Look below for the line with "Un taladro que" and the line with "三味線も撥もピカピカに!お手"; repeat exactly those two lines and all lines between them, but no pictures.

=== Supplied data ===

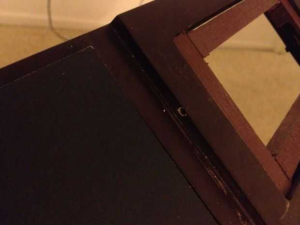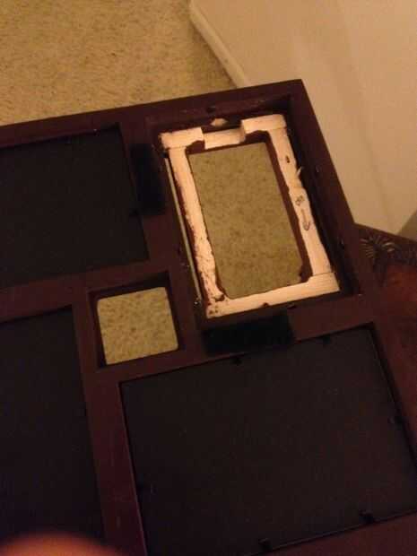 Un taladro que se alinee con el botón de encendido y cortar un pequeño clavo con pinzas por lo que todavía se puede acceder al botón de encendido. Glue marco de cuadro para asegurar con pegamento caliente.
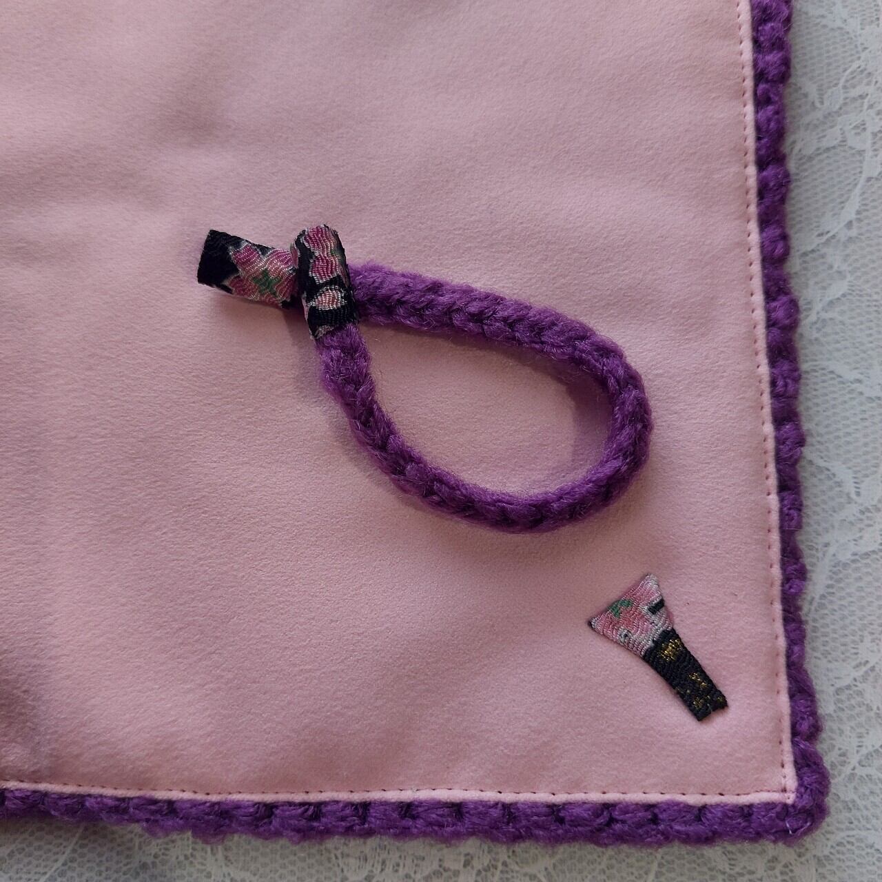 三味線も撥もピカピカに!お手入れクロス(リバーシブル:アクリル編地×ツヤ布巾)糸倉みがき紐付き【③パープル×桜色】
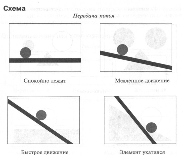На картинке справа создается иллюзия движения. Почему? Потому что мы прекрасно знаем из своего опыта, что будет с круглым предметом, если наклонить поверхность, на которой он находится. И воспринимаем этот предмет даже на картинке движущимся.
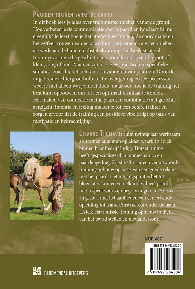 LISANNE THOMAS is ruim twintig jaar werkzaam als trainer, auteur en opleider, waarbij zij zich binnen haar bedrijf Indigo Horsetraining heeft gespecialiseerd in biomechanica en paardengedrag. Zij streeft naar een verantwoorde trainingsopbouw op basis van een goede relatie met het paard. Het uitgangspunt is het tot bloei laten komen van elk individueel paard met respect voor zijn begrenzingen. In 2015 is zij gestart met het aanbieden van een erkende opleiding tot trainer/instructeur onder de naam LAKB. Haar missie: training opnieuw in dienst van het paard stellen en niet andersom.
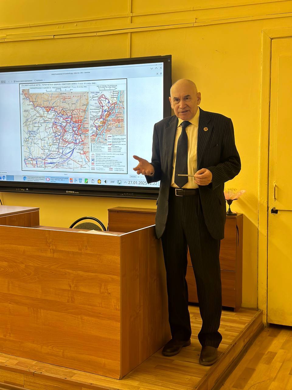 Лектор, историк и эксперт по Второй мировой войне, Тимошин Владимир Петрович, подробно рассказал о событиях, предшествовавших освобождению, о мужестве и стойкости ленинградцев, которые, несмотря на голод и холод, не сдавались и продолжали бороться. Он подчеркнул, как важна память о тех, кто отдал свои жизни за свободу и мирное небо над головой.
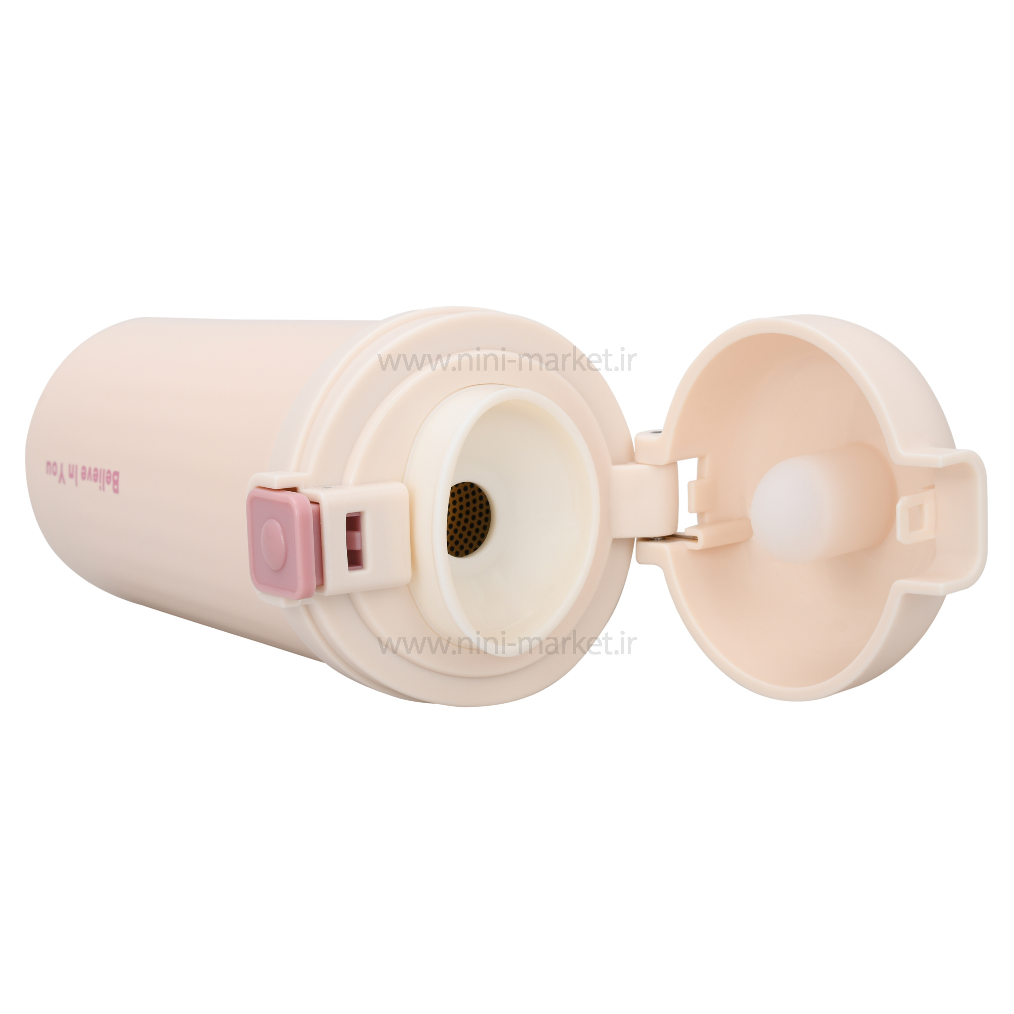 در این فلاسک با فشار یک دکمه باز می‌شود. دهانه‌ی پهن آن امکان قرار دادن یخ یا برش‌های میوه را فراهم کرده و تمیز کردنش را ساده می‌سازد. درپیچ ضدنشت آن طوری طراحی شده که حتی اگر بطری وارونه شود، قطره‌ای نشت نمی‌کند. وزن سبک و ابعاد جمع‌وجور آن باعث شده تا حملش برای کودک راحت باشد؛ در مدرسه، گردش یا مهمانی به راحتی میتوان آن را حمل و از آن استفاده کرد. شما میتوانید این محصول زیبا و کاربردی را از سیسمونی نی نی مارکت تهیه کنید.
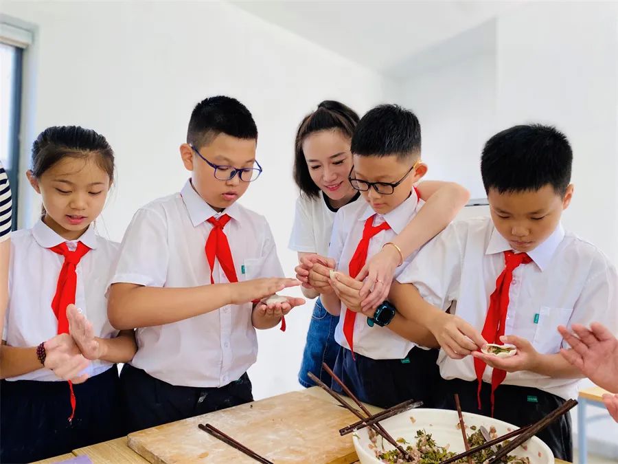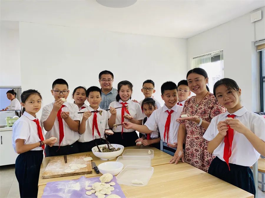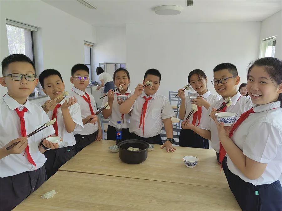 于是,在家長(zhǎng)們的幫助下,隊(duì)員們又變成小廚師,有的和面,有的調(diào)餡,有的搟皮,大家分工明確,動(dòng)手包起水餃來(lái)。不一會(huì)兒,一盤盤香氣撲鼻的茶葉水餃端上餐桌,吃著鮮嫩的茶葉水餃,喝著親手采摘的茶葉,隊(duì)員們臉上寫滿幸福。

===
=== Supplied data ===

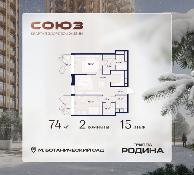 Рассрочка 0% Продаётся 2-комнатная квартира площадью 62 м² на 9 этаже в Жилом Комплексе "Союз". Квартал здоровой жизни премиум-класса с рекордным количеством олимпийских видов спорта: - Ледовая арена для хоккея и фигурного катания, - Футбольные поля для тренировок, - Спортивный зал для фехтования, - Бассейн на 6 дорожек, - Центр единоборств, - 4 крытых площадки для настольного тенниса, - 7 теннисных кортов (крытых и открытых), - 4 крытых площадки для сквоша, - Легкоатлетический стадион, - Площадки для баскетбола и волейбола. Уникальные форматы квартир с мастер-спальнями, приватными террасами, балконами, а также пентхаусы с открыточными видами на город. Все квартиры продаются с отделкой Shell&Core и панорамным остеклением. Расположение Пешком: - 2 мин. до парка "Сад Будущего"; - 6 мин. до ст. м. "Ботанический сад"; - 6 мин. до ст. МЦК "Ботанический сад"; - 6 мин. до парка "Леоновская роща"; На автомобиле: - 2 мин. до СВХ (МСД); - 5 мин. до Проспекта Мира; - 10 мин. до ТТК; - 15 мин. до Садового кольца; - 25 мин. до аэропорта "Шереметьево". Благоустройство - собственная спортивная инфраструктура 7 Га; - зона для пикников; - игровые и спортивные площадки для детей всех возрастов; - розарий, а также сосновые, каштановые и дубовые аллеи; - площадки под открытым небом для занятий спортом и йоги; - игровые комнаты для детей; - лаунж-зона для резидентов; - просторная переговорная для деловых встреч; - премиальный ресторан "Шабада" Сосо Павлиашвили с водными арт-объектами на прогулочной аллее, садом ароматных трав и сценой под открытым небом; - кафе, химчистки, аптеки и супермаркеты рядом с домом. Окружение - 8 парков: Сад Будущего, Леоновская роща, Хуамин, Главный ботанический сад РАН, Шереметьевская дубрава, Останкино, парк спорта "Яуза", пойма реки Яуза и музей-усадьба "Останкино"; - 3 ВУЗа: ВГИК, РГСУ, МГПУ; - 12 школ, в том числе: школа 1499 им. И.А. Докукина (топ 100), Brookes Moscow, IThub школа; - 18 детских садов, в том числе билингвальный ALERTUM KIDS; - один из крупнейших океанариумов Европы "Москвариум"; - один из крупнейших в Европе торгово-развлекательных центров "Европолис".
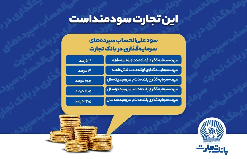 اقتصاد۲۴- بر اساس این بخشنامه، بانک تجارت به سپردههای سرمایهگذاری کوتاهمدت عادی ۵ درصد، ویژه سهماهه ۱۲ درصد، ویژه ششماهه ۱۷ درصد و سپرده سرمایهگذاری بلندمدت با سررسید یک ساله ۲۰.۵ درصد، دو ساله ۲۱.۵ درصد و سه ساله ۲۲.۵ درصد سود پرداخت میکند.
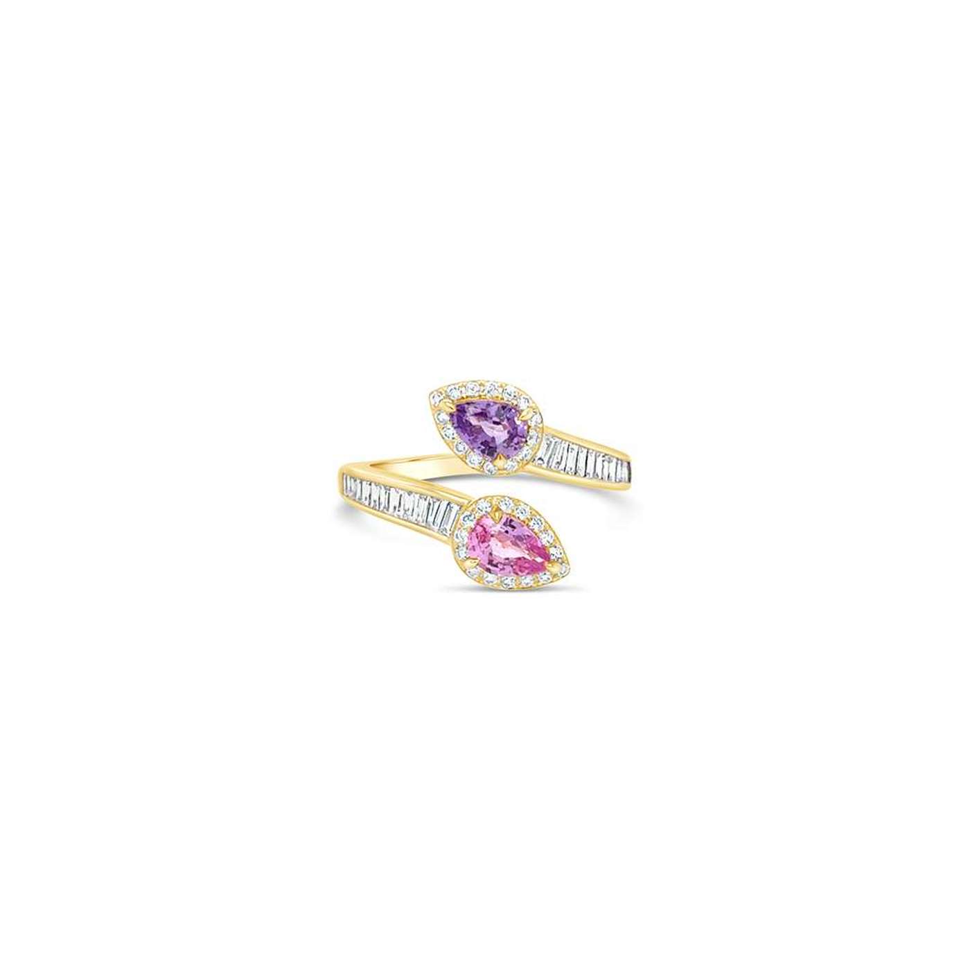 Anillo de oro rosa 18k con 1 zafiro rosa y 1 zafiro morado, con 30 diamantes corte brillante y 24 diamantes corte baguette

===

Result of the exercise
 Un taladro que se alinee con el botón de encendido y cortar un pequeño clavo con pinzas por lo que todavía se puede acceder al botón de encendido. Glue marco de cuadro para asegurar con pegamento caliente.
 三味線も撥もピカピカに!お手入れクロス(リバーシブル:アクリル編地×ツヤ布巾)糸倉みがき紐付き【③パープル×桜色】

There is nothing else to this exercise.